How do the methods compare with respect to runtime?
tmp <- lapply(names(result_lst), function(method_name) {
times <- result_lst[[method_name]]$times
delta_t_total <- as.numeric(times$done) - as.numeric(times$start_time)
delta_t_model <- as.numeric(times$reg_model_pars) - as.numeric(times$get_model_pars)
data.frame(method_name, delta_t_total, delta_t_model)
})
df <- do.call(rbind, tmp) %>% mutate(delta_t_rest = delta_t_total - delta_t_model)
df$method_name <- factor(df$method_name, levels = df$method_name, ordered = TRUE)
df <- arrange(df, delta_t_total) %>% mutate(method_name = factor(method_name, unique(method_name)))

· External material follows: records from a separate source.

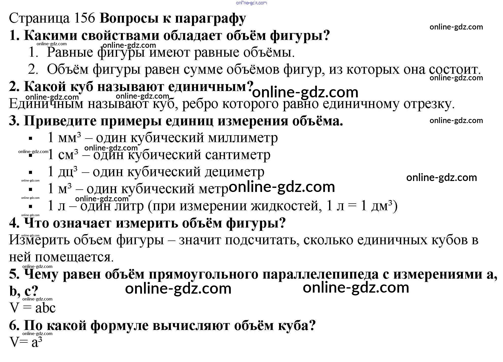 Готовые домашние задания по Математике за 5 класс Учебник Мерзляк, Полонский Алгоритм успеха 2016 - Вопросы (страница 156) §23. Объём прямоугольного параллелепипеда страница 156
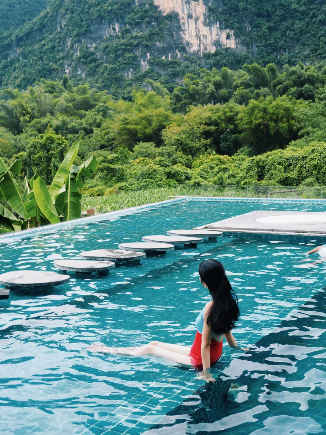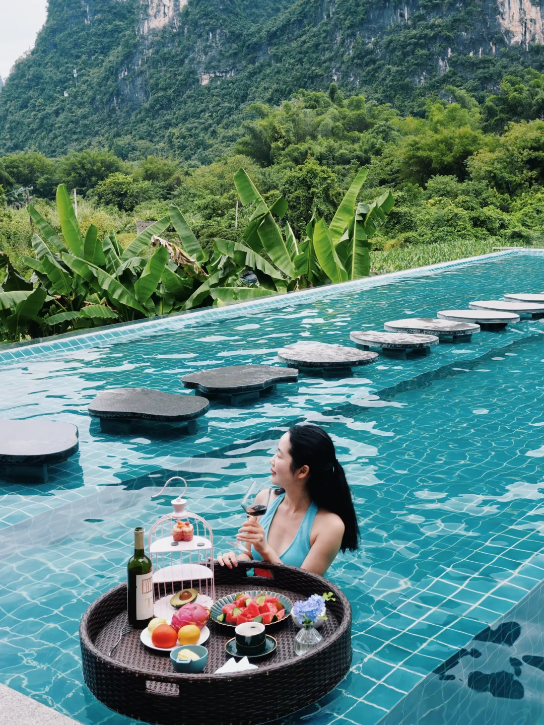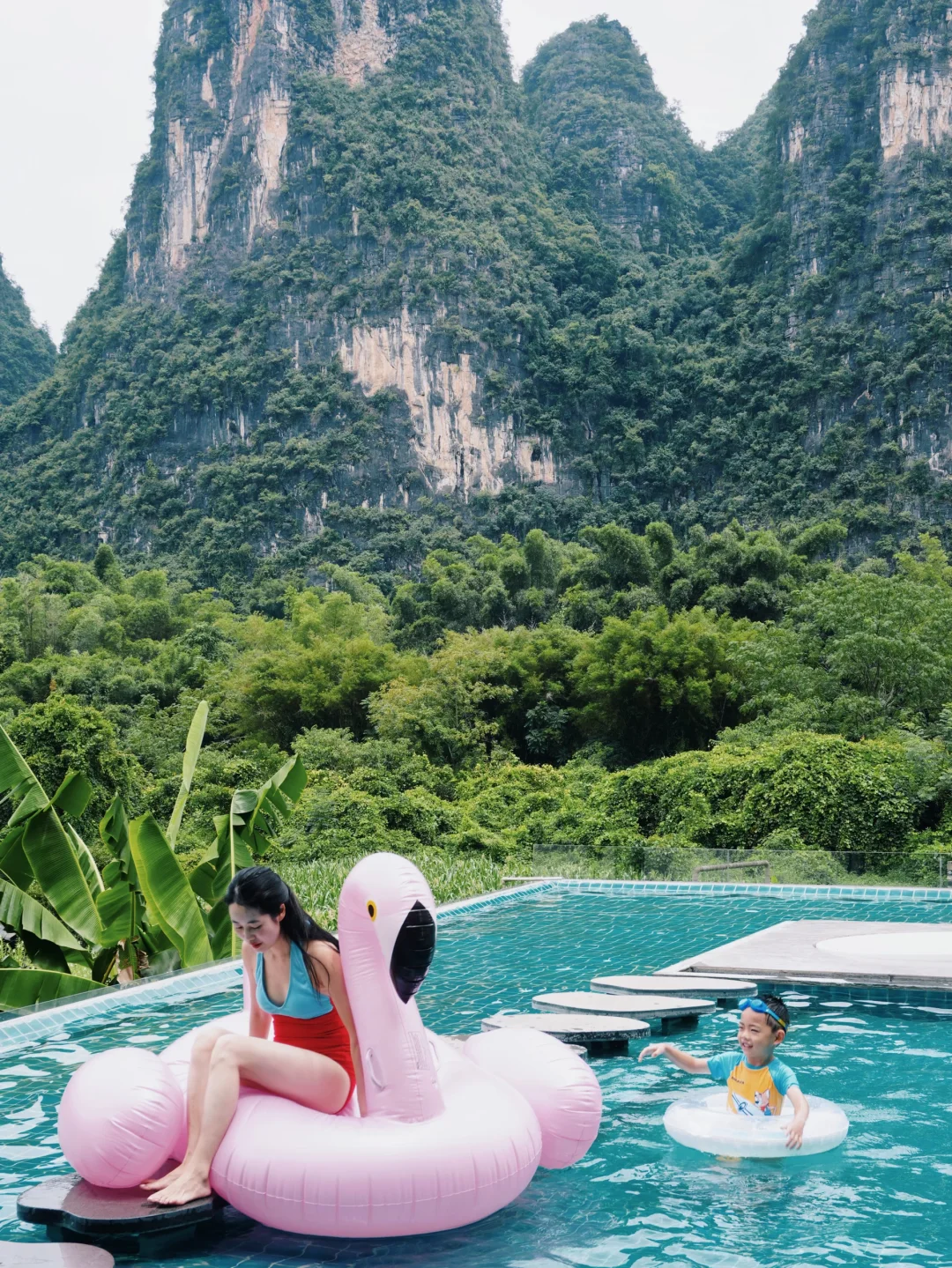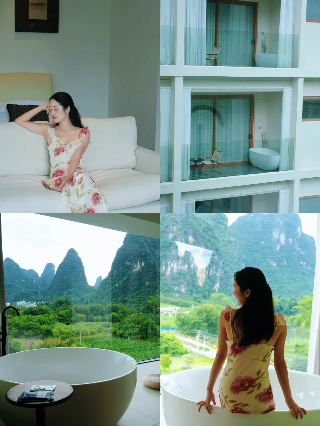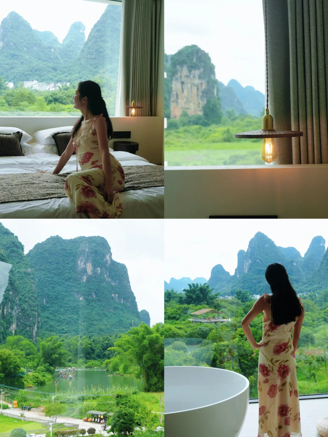 阳朔酒店卷王被我找到了!就在十里画廊精华段C位的,推窗就是水墨山水画🏞️,美哭! . ✨ 躺看山景房:超大落地窗,躺在床上都能独享喀斯特群峰,设计简约高级,床品超舒服! 💦 无边泳池封神! 正对无敌山景,水质超清!还有漂浮下午茶,记得提前订,在山水画里喝下午茶太绝了! . 📍阳朔高田镇竹蔸寨村(位置超好,遇龙河畔)
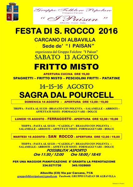 SI INCOMINCIA SABATO 13 AGOSTO CON LA SERATA DEDICATA AL FRITTO MISTO PER PROSEGUIRE DOMENICA LUNEDI E MARTEDI CON LA TRADIZIONALE CUCINA BRIANZOLA.
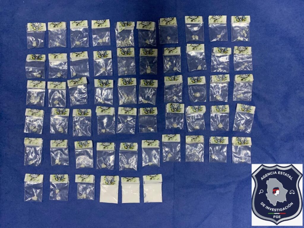En la inspección al vehículo que tripulaban se localizaron 53 envoltorios con un estampado de un tigre, los cuales contenían una sustancia granulosa con las características de la droga conocida como cocaína en piedra.

melt(df, id.vars = "method_name", measure.vars = c("delta_t_model", "delta_t_rest")) %>%
ggplot(aes(method_name, value, fill = variable)) + geom_bar(position = "stack",
stat = "identity") + theme(axis.text.x = element_text(angle = 45, vjust = 1,
hjust = 1)) + xlab("Method") + ylab("Wall clock time in seconds") + scale_fill_discrete(name = "Part of algorithm",
labels = c("Model fitting", "Rest"))
df
#> method_name delta_t_total delta_t_model delta_t_rest
#> 1 offset 12.77798 0.3969212 12.38106
#> 2 offset_shared_theta_estimate 14.48155 2.1186938 12.36286
#> 3 qpoisson 16.43803 3.7639441 12.67408
#> 4 poisson-theta.mm 19.81587 7.1540921 12.66178
#> 5 glmGamPoi 32.08939 19.0863469 13.00304
#> 6 poisson-theta.ml 70.75487 58.1091411 12.64573
#> 7 nb_fast-theta.mm 72.42107 58.9494340 13.47164
#> 8 nb_fast-theta.ml 124.26923 110.7357450 13.53348
#> 9 nb 642.00292 628.8870690 13.11585
The runtime comparison above is not an in-depth benchmark, but it gives a good idea about the relative speed of the different methods. All times above were obtained using a single CPU core. However, the model fitting step supports the Future API for parallel processing.